First, and let's just clear this out of the way at the start, the Charter of Fundamental Rights doesn't help you very much here. Article 17(2) is the only provision that deals with intellectual property, and if I recall correctly (I might be off by a couple of words, and honestly can't be bothered to look it up at the moment) 17(2) consists of a single sentence that says something to the effect of "intellectual property rights shall be protected." It doesn't specify what form that protection need to take, and there are lots of rights that are routinely protected through civil litigation rather than criminal prosecution.
Second, while there have been some attempts to harmonize IP law, the vast bulk of substantive IP law remains within the competence of the member states. That is likely to change to an extent for patent law when the European Patent Court becomes fully operational, but that is yet to occur.
Third, although there was an attempt at a Directive on criminal penalties for IP offences about ten years ago, that attempt ultimately failed. No attempt has been made since, and none is on the horizon.
Fourth, that directive was targeted only at wilfull counterfeiting on a commercial scale.
Fifth, that directive was targeted only at copyright and trademark infringement; patents would not have been affected.
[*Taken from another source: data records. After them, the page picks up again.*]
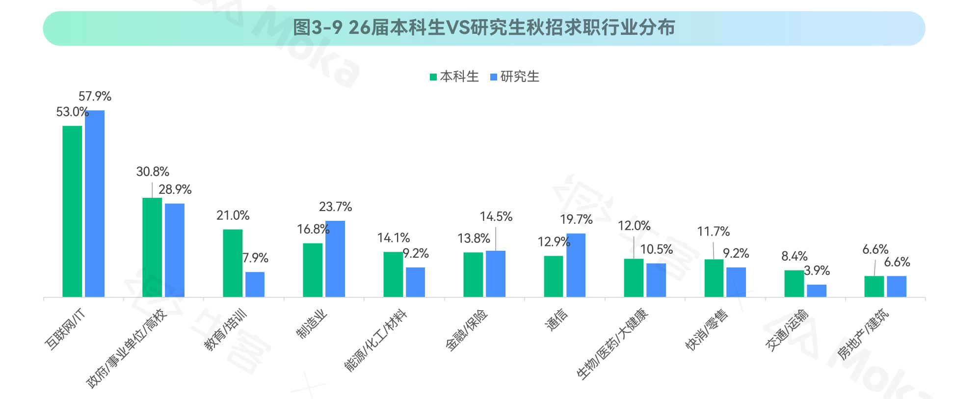 研究生投递更加集中互联网和制造业等专精行业,而本科生除互联网行业之外,三成学生更偏好体制内岗位。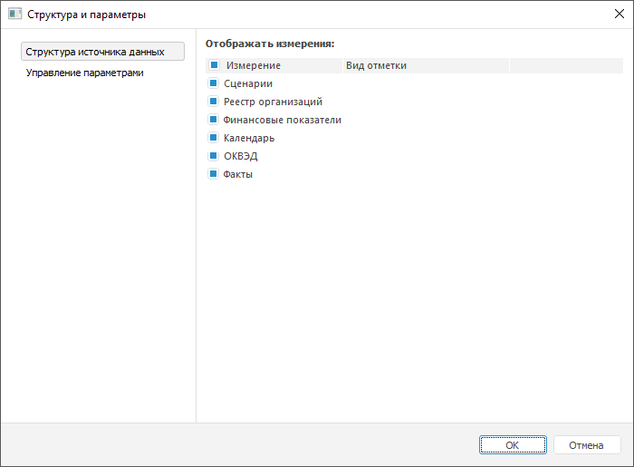 Настройка структуры источника данных экспресс-отчёта позволяет задать измерения, доступные для работы пользователю.
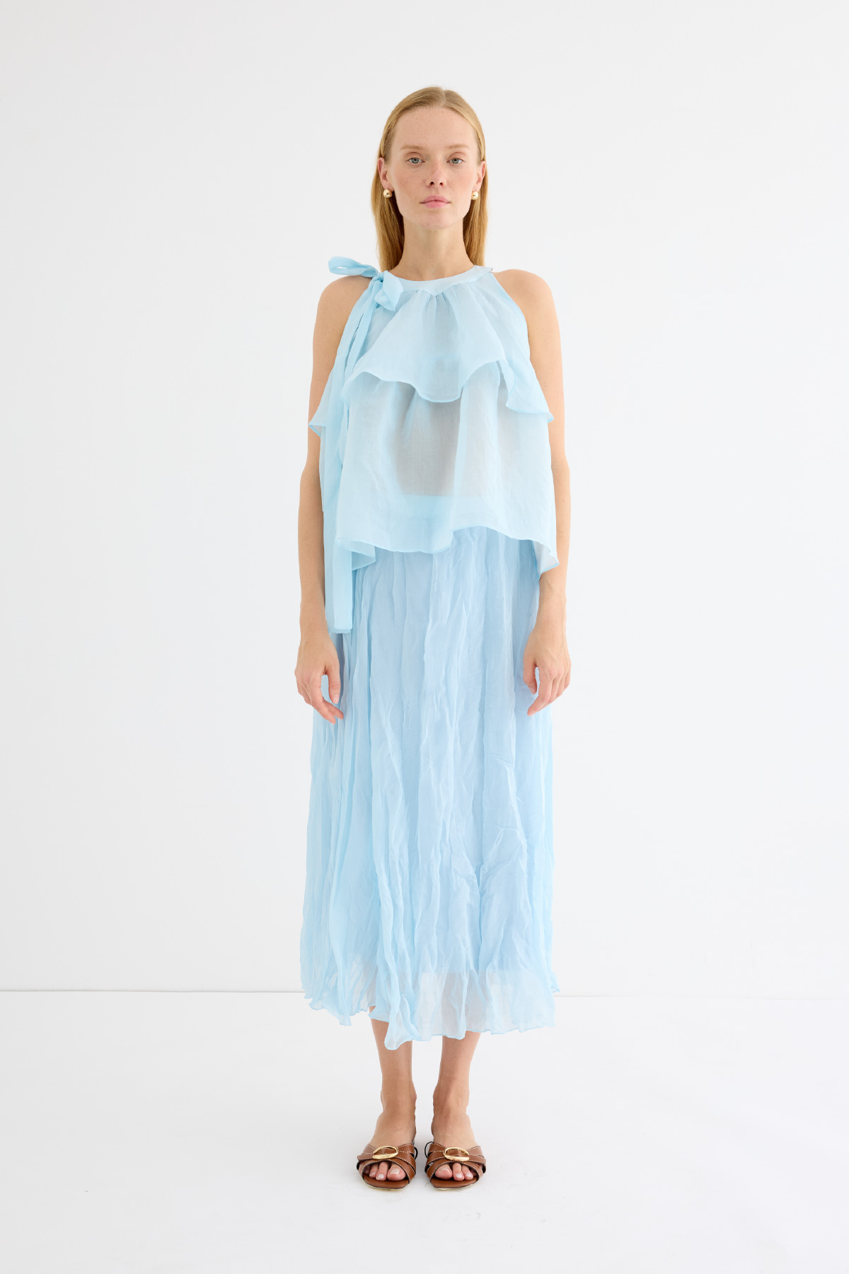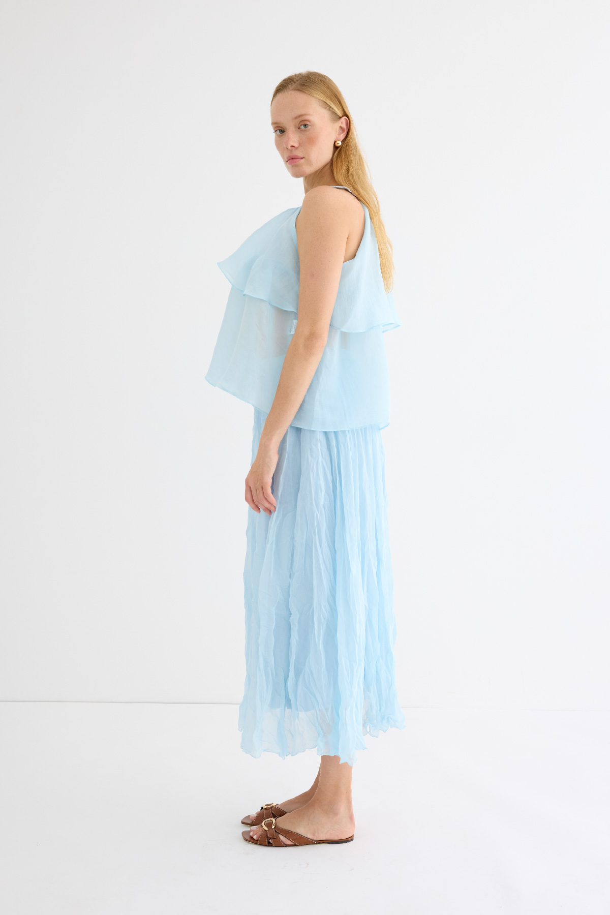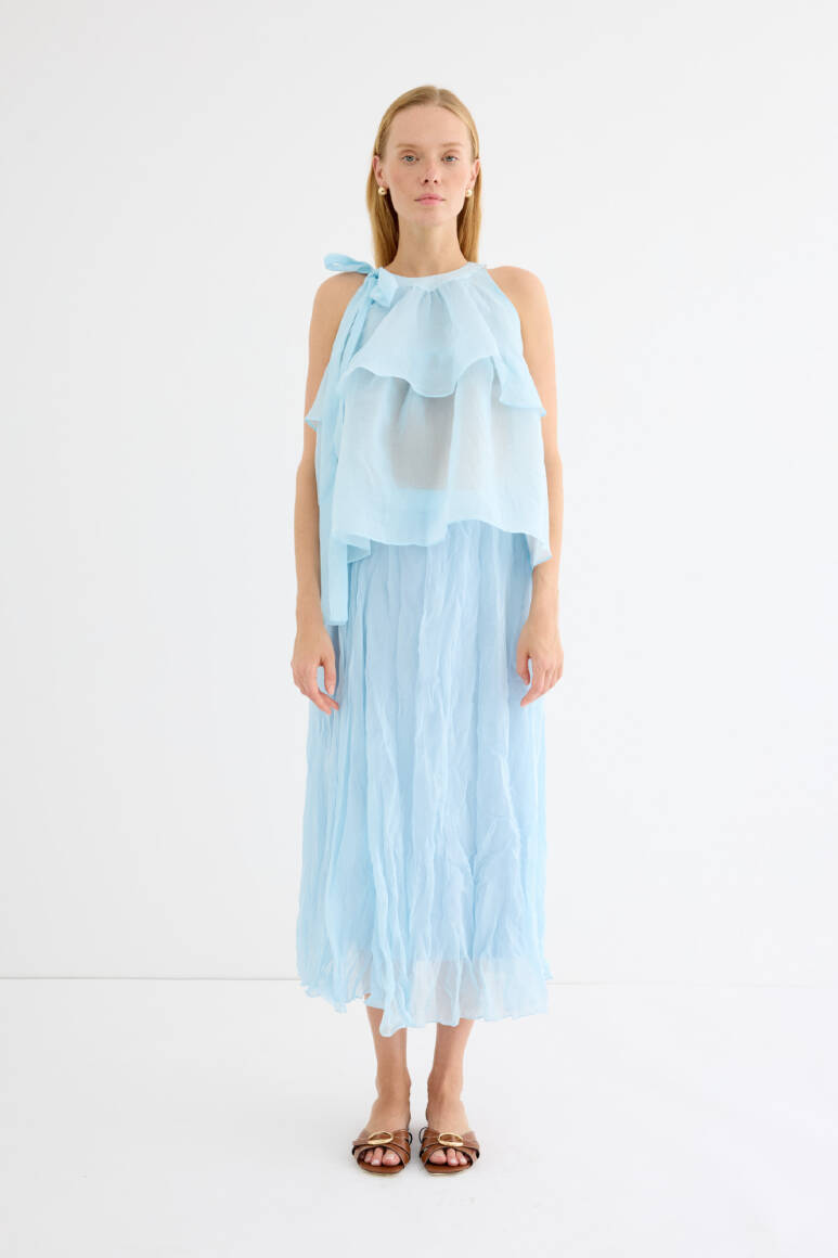 Zarif ve feminen bir görünüm sunan hafif yapılı şifon bluz. Kat kat fırfır detaylarıyla hareket kazandırılmıştır. Omuzdan bağlamalı tasarımıyla romantik bir stil yaratır. Günlük şıklıkta ya da özel anlarda rahatlıkla tercih edilebilir. Astarsızdır.

Sixth, let me say again, that directive failed utterly.
Seventh, there genuinely is a broad international consensus that criminal penalties should be reserved for only large scale, wilfull counterfeiting. Or at least that's more or less what the European Intellectual Property Law text (authored by Annette Kur and Thomas Dreiser; ISBN 978-1-84844-880-3) says on one of the 6 pages in the entire 548-page book that are devoted to the topic of criminal sanctions in IP law in Europe.
Eighth, my textbook on English IP law (Cornish, Llewelyn, & Alpin) says similar things in the 4 numbered paragraphs that this 948-page book devotes to criminal penalties in IP law.
Ninth, criminal prosecutions for IP violations are so rare in the US that they're not taught in either criminal law or IP law.
Tenth - and I could go on, but I think more should be unnecessary - I have formal legal training both in the US and England.